Some consumer advocates counter that the contract provisions don't go far enough. In comments filed with the DoL, the Institute for the Fiduciary Standard cautions that some firms might comply with the letter of the regulation but not its spirit. "The main risk," the institute writes, "is that these firms will agree to meet the best interest standard and hold themselves out as such; yet, they won't materially change their practices and, instead, make voluminous arguments why their current practices are best practices. They will essentially place a bet that their legal arguments prevail in any subsequent enforcement action or legal challenge."

But some firms have argued that the BIC exemption is simply unworkable, and would compel them to abandon the brokerage channel in the retirement space. A top executive with Janney Montgomery Scott vowed as much at a recent SEC committee meeting.

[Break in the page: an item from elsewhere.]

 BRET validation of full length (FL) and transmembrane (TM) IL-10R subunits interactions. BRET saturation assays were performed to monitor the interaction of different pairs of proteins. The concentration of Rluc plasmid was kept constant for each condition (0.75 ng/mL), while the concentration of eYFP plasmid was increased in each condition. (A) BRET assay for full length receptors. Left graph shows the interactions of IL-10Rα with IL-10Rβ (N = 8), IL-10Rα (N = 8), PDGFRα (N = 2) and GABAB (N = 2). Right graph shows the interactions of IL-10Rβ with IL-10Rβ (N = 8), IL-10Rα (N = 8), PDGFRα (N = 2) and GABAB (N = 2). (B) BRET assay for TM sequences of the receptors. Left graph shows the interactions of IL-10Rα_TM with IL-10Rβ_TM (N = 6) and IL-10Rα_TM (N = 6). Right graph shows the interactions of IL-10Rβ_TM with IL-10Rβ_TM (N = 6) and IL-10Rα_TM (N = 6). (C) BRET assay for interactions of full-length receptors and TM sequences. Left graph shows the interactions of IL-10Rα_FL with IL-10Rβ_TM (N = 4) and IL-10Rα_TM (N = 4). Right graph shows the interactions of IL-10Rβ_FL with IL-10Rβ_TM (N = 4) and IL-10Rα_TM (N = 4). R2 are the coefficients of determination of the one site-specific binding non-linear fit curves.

A consortium of leading advisory players, including Schwab, LPL Financial and Ameriprise, is warning that small businesses and individual investors who don't meet the minimum requirements for fee-based accounts will lose access to retirement guidance.

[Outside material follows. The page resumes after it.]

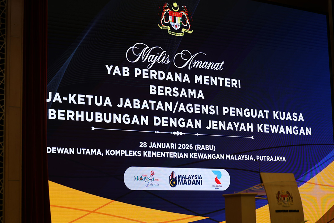 PUTRAJAYA, 28 January 2026 – The National Anti-Financial Crime Centre (NFCC), as the organizer, convened the Address by the Right Honourable Prime Minister to Heads of Departments and Law Enforcement Agencies Related to Financial Crimes at the Main Hall, Ministry of Finance Complex, Putrajaya. The event featured an address by the Right Honourable Dato’ Seri Anwar bin Ibrahim, Prime Minister of Malaysia, and was also attended by YB Datuk Seri Saifuddin Nasution bin Ismail, Minister of Home Affairs; YBhg. Tan Sri Shamsul Azri bin Abu Bakar, Chief Secretary to the Government; YBhg. Tan Sri Dato’ Sri Haji Azam bin Baki, Chief Commissioner of the Malaysian Anti-Corruption Commission; as well as Directors General and heads of enforcement agencies.
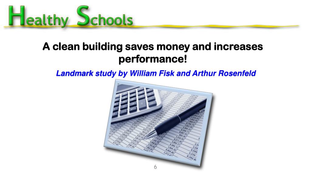 A clean building saves money and increases performance! Landmark study by William Fisk and Arthur Rosenfeld 6

Despite the DoL's assurance that it is not taking aim at any specific business model with its proposal, some argue it is doing just that by proposing what would amount to an effective ban on commissions. Still others take aim at the DoL on philosophical and procedural grounds.

SEC Commissioner Daniel Gallagher, an outspoken critic of the fiduciary initiative, calls the proposal a "fait accompli," suggests that "the comment process is merely perfunctory," and dismisses the undertaking as "rampant nanny-statism."

The DoL is planning to hold a public hearing on its fiduciary proposal in August, to be followed by a month-long comment period.